As they approached Bokhara, Burnes composed a letter, redolent with oriental flattery, which he sent ahead of them to the Koosh Begee, or Grand Vizier, expressing their wish to see the legendary glories of the holy city. His liberal use of phrases describing the vizier as ‘the Tower of Islam’, and ‘the Gem of the Faith’ clearly pleased the recipient, for a messenger soon returned to say that they would be welcome to visit Bokhara. Still weak from their illness, Burnes and Gerard, together with their native companions, finally rode through the city’s main gateway on the morning of June 27, 1832, just six months after leaving Delhi. Later on that same day Burnes was summoned before the Grand Vizier at the Emir’s palace in Bokhara’s famous Ark, or citadel, some two miles from their lodgings. After changing into local garb, Burnes proceeded there on foot, for it was strictly forbidden for all but Muslims to ride within the holy city. He went alone, Gerard still being too ill to accompany him.

His interview with the Koosh Begee, a wizened old man with small, crafty eyes and a long grey beard, began with an interrogation lasting two hours. The vizier first wanted to know what had brought Burnes and his party to a kingdom so far from their own.
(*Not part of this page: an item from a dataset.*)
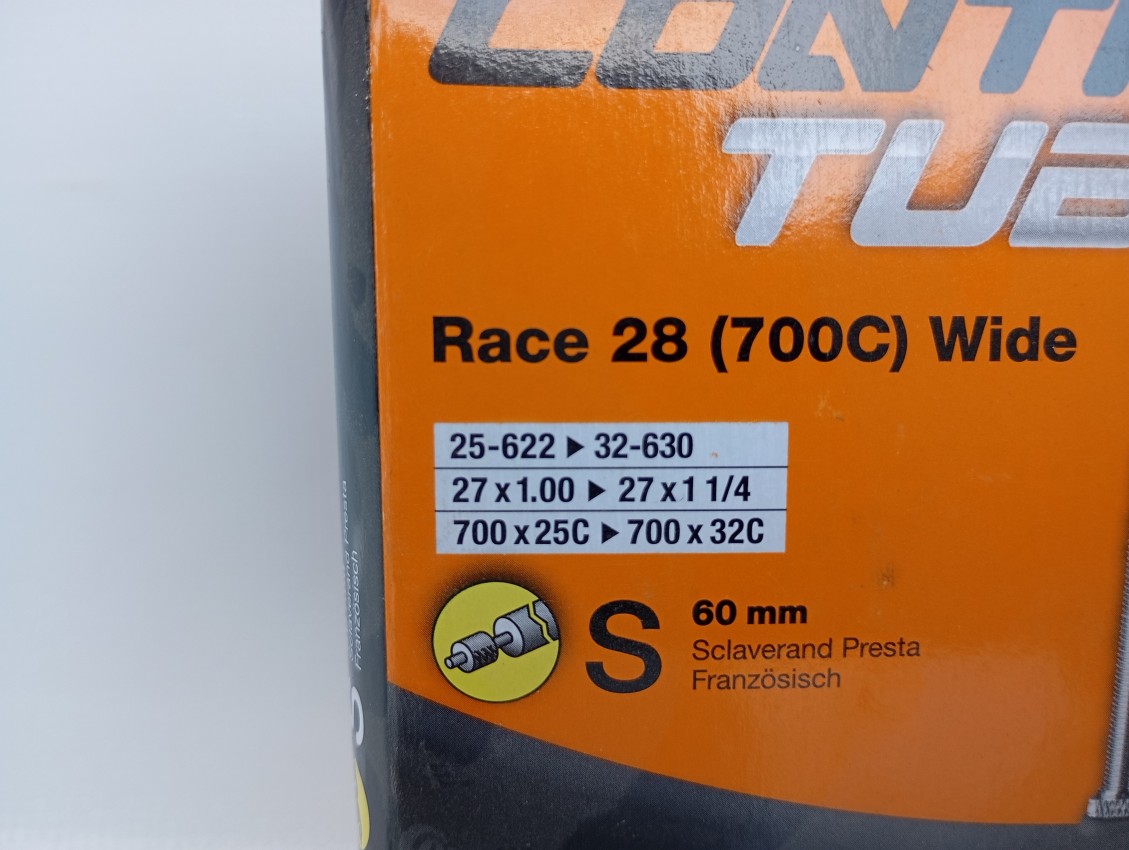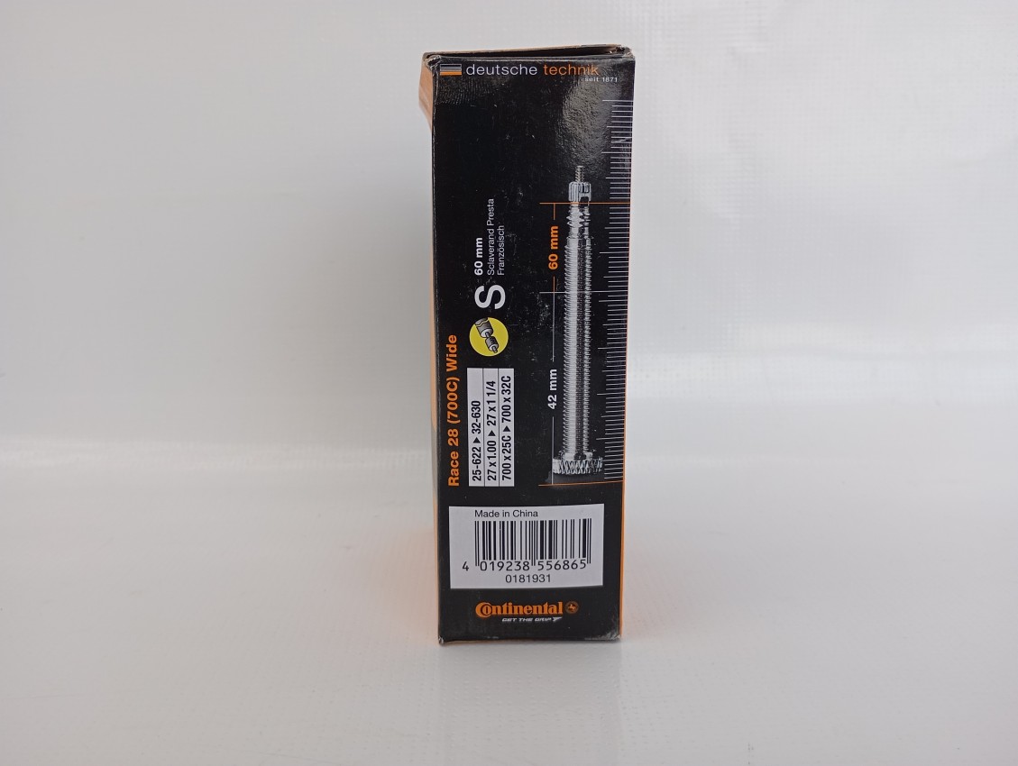 Brand new tube, 700x25-32c, Brand Continental. With 60mm Presta valve (FV).

Burnes explained as usual that they were returning overland to England, and that they wanted to take back with them word of Bokhara’s splendours, already so renowned throughout the Orient. ‘What’, the vizier next asked him, ‘is your profession?’ Burnes hesitated for a moment before confessing to being an officer in the Indian Army. But he need not have worried, for this did not appear to perturb the Koosh Begee in the least. The Bokharan seemed to be more interested in Burnes’s religious beliefs, asking him first whether he believed in God, and then whether he worshipped idols. Burnes denied the latter emphatically, upon which he was invited to bare his chest to show that he was not wearing a crucifix. When it transpired that Burnes was not, the vizier declared approvingly: ‘You are people of the Book. You are better than the Russians.’ He next asked whether Christians ate pork, a question which Burnes knew he had to answer with caution. Some did, he replied, though mainly the poor. ‘What’, his interrogator next asked, ‘does it taste like?’ But Burnes was ready for that one. ‘I have
heard’,
he replied, ‘that it is like beef.’

Very soon, however, as he invariably did with Asiatics, Burnes was getting on famously with the vizier, to whom he was evidently a source of tantalising information from the sophisticated outside world. The friendship was to cost him one of his only two compasses, although this gift won for him and his companions the freedom to wander the city at will, and to observe its everyday life. They saw the grim minaret from which criminals were hurled to their deaths, and they visited the square before the Ark where beheadings were conducted with a huge knife. Burnes went to watch the slave-market in action, reporting afterwards: ‘Here these poor wretches are exposed for sale, and occupy thirty or forty stalls where they are examined like cattle.’ That morning there were only six being offered, none of them Russians. ‘The feelings of a European’, he added, ‘revolt at this most odious traffic’, which Bokharans defended on the grounds that the slaves were kindly treated, and were often far better off than in their own land.

Burnes had discreetly let it be known that he wanted to meet one of the Russian slaves, of whom there were 130 or so in Bokhara. Not long afterwards a man of obvious European origin slipped into their house one night and flung himself emotionally at Burnes’s feet. He told them that as a boy of 10 he had been captured by Turcoman slavers while asleep at a Russian outpost. He had been a slave for fifteen years now, and worked for his master as a carpenter. He was well treated, he said, and was allowed to go where he wished. But for reasons of prudence he pretended to have adopted Islam, although secretly (‘and here’, Burnes noted, ‘the poor fellow crossed himself) he was still a Christian. ‘For I live among a people’, he explained, ‘who detest, with the utmost cordiality, every individual of that creed.’ After sharing the Englishmen’s meal with them, he told them before departing: ‘I may appear to be happy, but my heart aches for my native land. Could I but see it once again, I would willingly die.’